Information provided:
++++

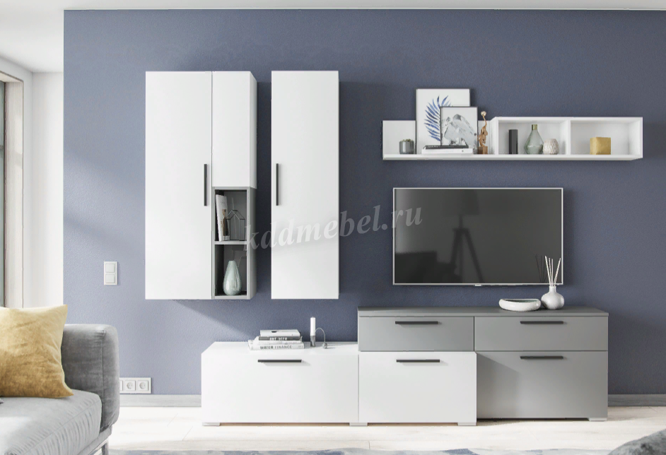 Ультрамодная и компактная гостиная Альберо станет украшением Вашего дома! Коллекция представлена навесными шкафами-пеналами, тумбами под ТВ-аппаратуру, открытыми стеллажами и навесной полкой. Благодаря разнообразию модулей Вы сможете расположить все Ваши вещи: бытовые мелочи, предметы декора, книги, технику и многое другое. Основным цветом мебели выступает белый: освежает интерьер помещения и визуально расширяет пространство. В сочетании с благородным стильным серым графитом белый цвет раскрывается по-новому.
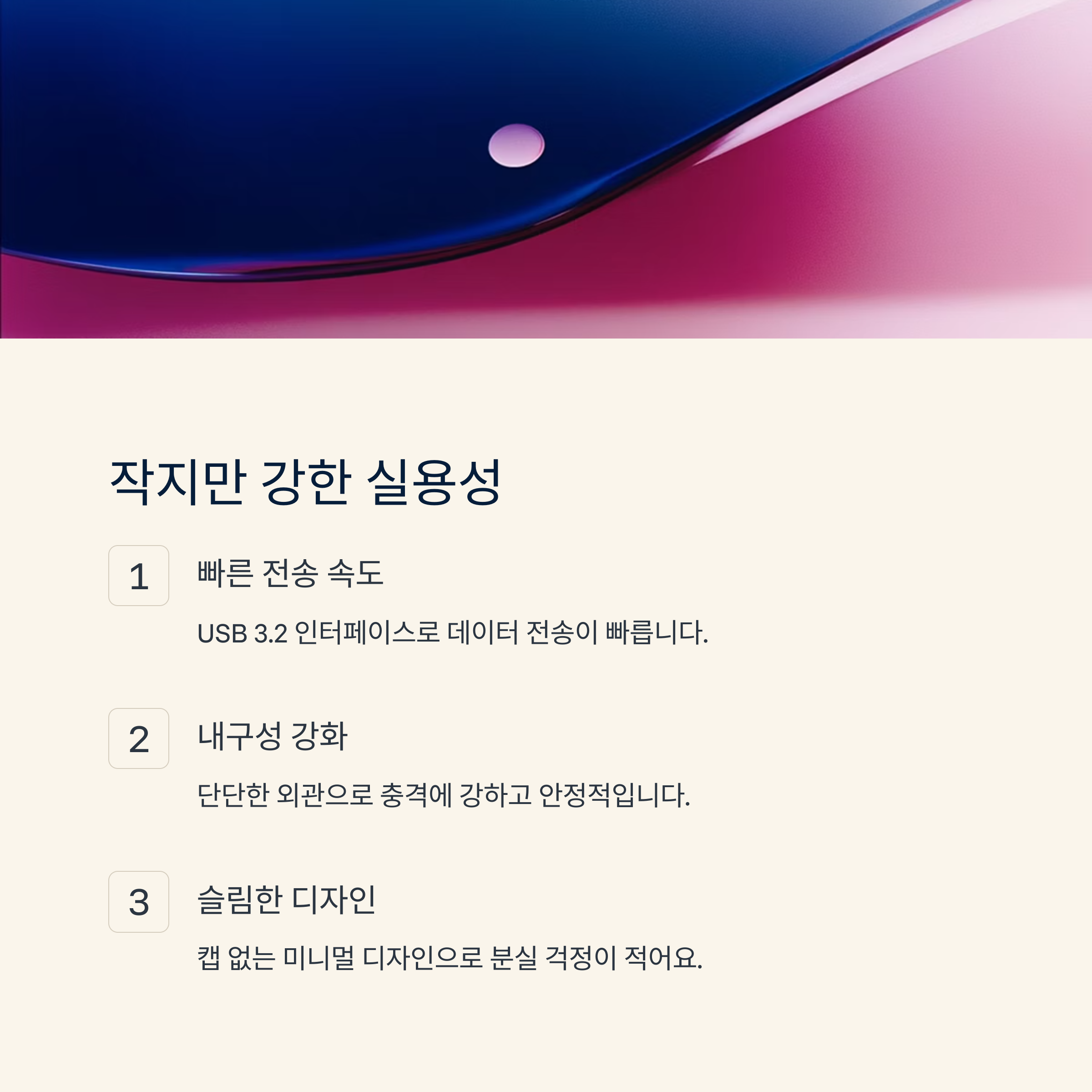 데이터를 자주 다루는 환경에서는, 작지만 튼튼하고 빠른 저장 장치가 필요해요. 오늘 소개해드린 이 제품은 그런 조건을 잘 충족해주는 USB였답니다. 특히 실사용자의 관점에서 안정성과 휴대성, 디자인까지 두루 만족스러운 구성이었어요. 앞으로도 USB 선택에 고민이 있으시다면, 이 제품을 한 번쯤 고려해보셔도 좋겠어요.
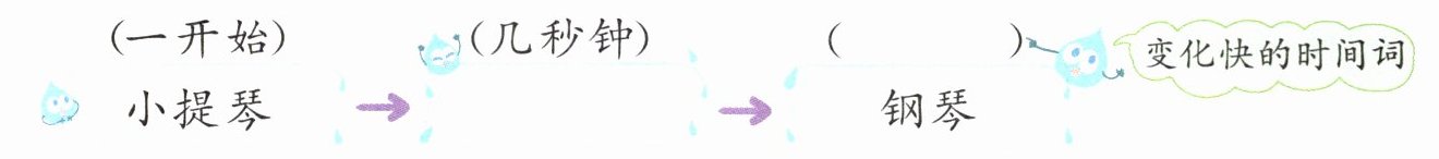 解析 本题考查对文中相关信息的梳理。文中写夏雨一开始像小提琴曲那样轻柔舒缓;接着,只几秒钟就像强劲有力的战鼓;不一会儿,雨停了,打在雨篷上的雨像钢琴声。根据以上内容填空即可。“一开始”“几秒钟”“不一会儿”可以体现夏雨变化快的特点。

++++

What you should do: This task asks for the data above repeated exactly, without a single picture.

Problem solution:
 Ультрамодная и компактная гостиная Альберо станет украшением Вашего дома! Коллекция представлена навесными шкафами-пеналами, тумбами под ТВ-аппаратуру, открытыми стеллажами и навесной полкой. Благодаря разнообразию модулей Вы сможете расположить все Ваши вещи: бытовые мелочи, предметы декора, книги, технику и многое другое. Основным цветом мебели выступает белый: освежает интерьер помещения и визуально расширяет пространство. В сочетании с благородным стильным серым графитом белый цвет раскрывается по-новому.
 데이터를 자주 다루는 환경에서는, 작지만 튼튼하고 빠른 저장 장치가 필요해요. 오늘 소개해드린 이 제품은 그런 조건을 잘 충족해주는 USB였답니다. 특히 실사용자의 관점에서 안정성과 휴대성, 디자인까지 두루 만족스러운 구성이었어요. 앞으로도 USB 선택에 고민이 있으시다면, 이 제품을 한 번쯤 고려해보셔도 좋겠어요.
 解析 本题考查对文中相关信息的梳理。文中写夏雨一开始像小提琴曲那样轻柔舒缓;接着,只几秒钟就像强劲有力的战鼓;不一会儿,雨停了,打在雨篷上的雨像钢琴声。根据以上内容填空即可。“一开始”“几秒钟”“不一会儿”可以体现夏雨变化快的特点。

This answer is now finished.